Venezuelan President Hugo Chavez and Bolivian President Evo Morales arrived on Friday. They planned to sign the accord with Cuban President Fidel Castro on Saturday and participate in an evening rally in Havana's Revolution Square.

"This meeting is a great meeting of three generations, of three revolutions," Morales, who was elected in December, said upon arrival.

Castro came to power in a 1959 communist revolution, and Chavez first won election in 1998 to lead what he calls a "Bolivarian revolution."

The three-way summit takes place on the first anniversary of a comprehensive political, social and economic integration agreement between Cuba and Venezuela, dubbed the Bolivarian Alternative for the Americas (ALBA), after South American independence hero Simon Bolivar.

The accord gives Cuba preferential financing for Venezuelan oil and payment for more than 20,000 Cuban doctors and other professionals working in Venezuela. It has helped Cuba emerge from the economic crisis that followed the demise of the Soviet Union, its former benefactor .

Bolivia, by joining the pact, will gain access to Venezuelan energy resources and financing, Cuban doctors, teachers and other professionals, and markets for products such as soy.

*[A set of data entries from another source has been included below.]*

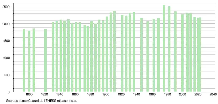 - ↑ Population municipale de référence en vigueur au 1er janvier 2025, millésimée 2022, définie dans les limites territoriales en vigueur au 1er janvier 2024, date de référence statistique : 1er janvier 2022.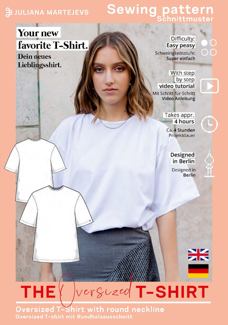 -Oversized T-shirt sewing pattern in German and English (in sizes XS-XXXL or customized to your measurements, either as a paper pattern or as a PDF download in DIN A4 and US Letter)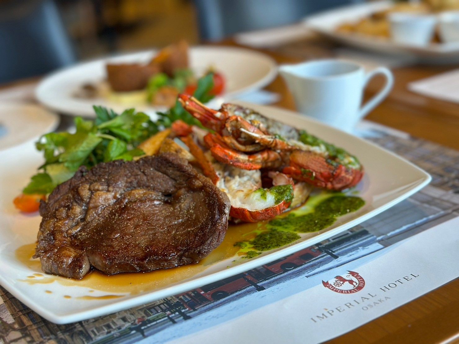 牛リブロースステーキとロブスターグリルの組合せ、見るからにゴージャスです。グレイビーソースと香草バターの2種のソースが添えられているので、さまざまな味わいが楽しめるボリュームのある一皿、おすすめです。

"ALBA has worked very well for both Cuba and Venezuela, and Bolivia's joining can only improve it by adding another dimension," Cuban economist Omar Everleny said.

LATIN AMERICA SPLIT ON FUTURE

Nicaraguan Sandinista revolutionary Daniel Ortega, who held power in the 1980s and is a leading candidate in a presidential election this November, was also in Havana, apparently as an observer.

Chavez and Castro cast ALBA as a contrast to a faltering U.S. plan for a "Free Trade Area of the Americas," which they charge is a U.S. bid to reinforce its domination of Latin America. The message has resonated in a region where free-market policies have failed to alleviate chronic poverty.

"Until this year, Castro and Chavez seemed doomed to remain a two-man club. The addition of Morales dramatically changes this equation," said Daniel Erikson, Caribbean programs director at the Inter-American Dialogue, a Washington policy group.

"By adding a country with significant gas reserves that are increasingly under government control, Bolivia's membership expands the economic potential of ALBA, which already includes Venezuela's huge oil reserves," Erikson said.

Latin America is increasingly divided on how to form an economic bloc that can compete in the global economy.

Venezuela and Bolivia threatened this month to the leave a five-member Andean Community of Nations because members Colombia, Peru have signed U.S.-sponsored free-trade agreements. Ecuador is considering a similar pact with Washington.

Nine Latin American countries, including Mexico and Chile, have signed free-trade agreements with Washington. Others, such as all-important Brazil and Argentina, have refused, while also keeping their distance from Venezuela's ALBA.

"It remains to be seen how far this alternative economic model will take hold in the hemisphere. Most countries are not about to adopt restricted, selective policies toward foreign investment or turn toward state direction of the economy," said Phil Peters, vice president of the Lexington Institute, a conservative U.S. think tank.